Aim of the task
Every record below is to be retyped exactly, with any pictures left out.

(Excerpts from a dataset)
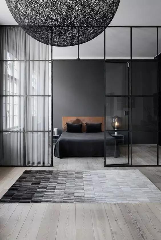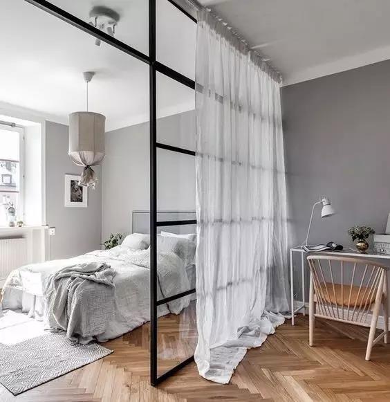 钛镁铝金的隔断门这两年非常火,黑色的铝金边框加上通透的玻璃,很好的做了阻断和通透空间的效果。用在卧室和客厅之间绝对不会出错,如果觉得太亮,在卧91桃色APP污污污加一圈窗帘就可以很好的遮光啦!
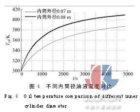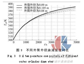 由图4可以看出,在减振器缸筒壁厚及其余参数确定后,当内筒外径为0.07 m,内径为0.065m时,循环末端油液温度为387 K;当内筒外径为0.08 m,内径为0.075 m时,循环末端油液温度为409 K。即随着内筒径向尺寸的增大,油液在相同时间内的温升逐渐增大。
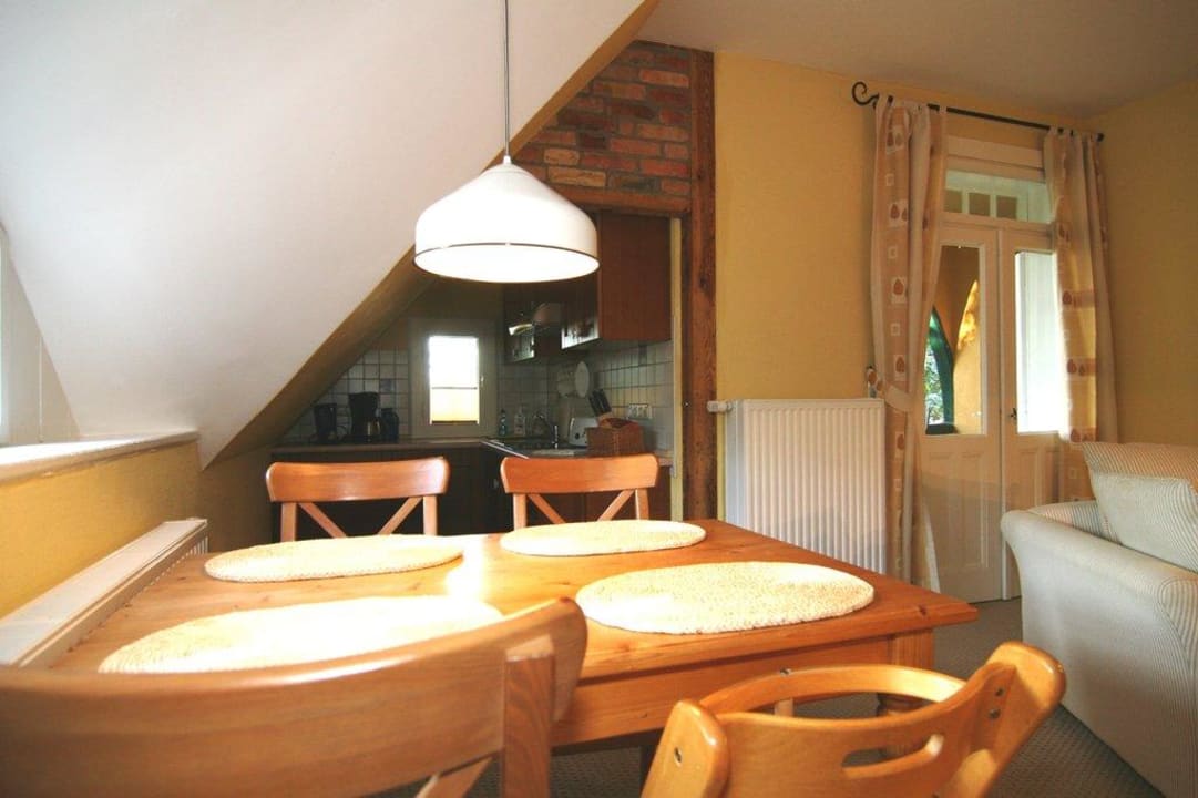 Essbereich mit KochniescheBlick vom Essbereich in Richtung Kochniesche und Balkon, der Ferienwohnung 3
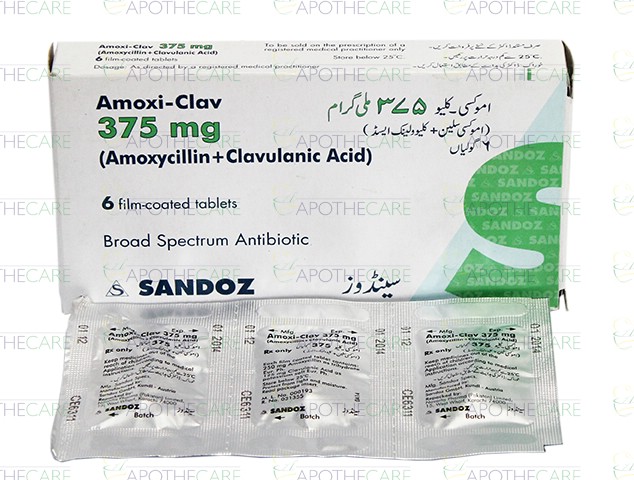 Product Name: Amoxi-Clav Tab 375mg 6'sProduct Form: TabletsPack Size: 6'sMarketed By: NOVARTIS PHARMA PAKISTAN LTDGeneric Category: AminopenicillinsIngredients: Amoxicllin 250mg , Clavulanic Acid 125mg
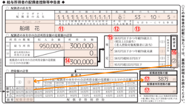 ⑰配偶者控除の額・配偶者特別控除の額

Output of the exercise
 钛镁铝金的隔断门这两年非常火,黑色的铝金边框加上通透的玻璃,很好的做了阻断和通透空间的效果。用在卧室和客厅之间绝对不会出错,如果觉得太亮,在卧91桃色APP污污污加一圈窗帘就可以很好的遮光啦!
 由图4可以看出,在减振器缸筒壁厚及其余参数确定后,当内筒外径为0.07 m,内径为0.065m时,循环末端油液温度为387 K;当内筒外径为0.08 m,内径为0.075 m时,循环末端油液温度为409 K。即随着内筒径向尺寸的增大,油液在相同时间内的温升逐渐增大。
 Essbereich mit KochniescheBlick vom Essbereich in Richtung Kochniesche und Balkon, der Ferienwohnung 3
 Product Name: Amoxi-Clav Tab 375mg 6'sProduct Form: TabletsPack Size: 6'sMarketed By: NOVARTIS PHARMA PAKISTAN LTDGeneric Category: AminopenicillinsIngredients: Amoxicllin 250mg , Clavulanic Acid 125mg
 ⑰配偶者控除の額・配偶者特別控除の額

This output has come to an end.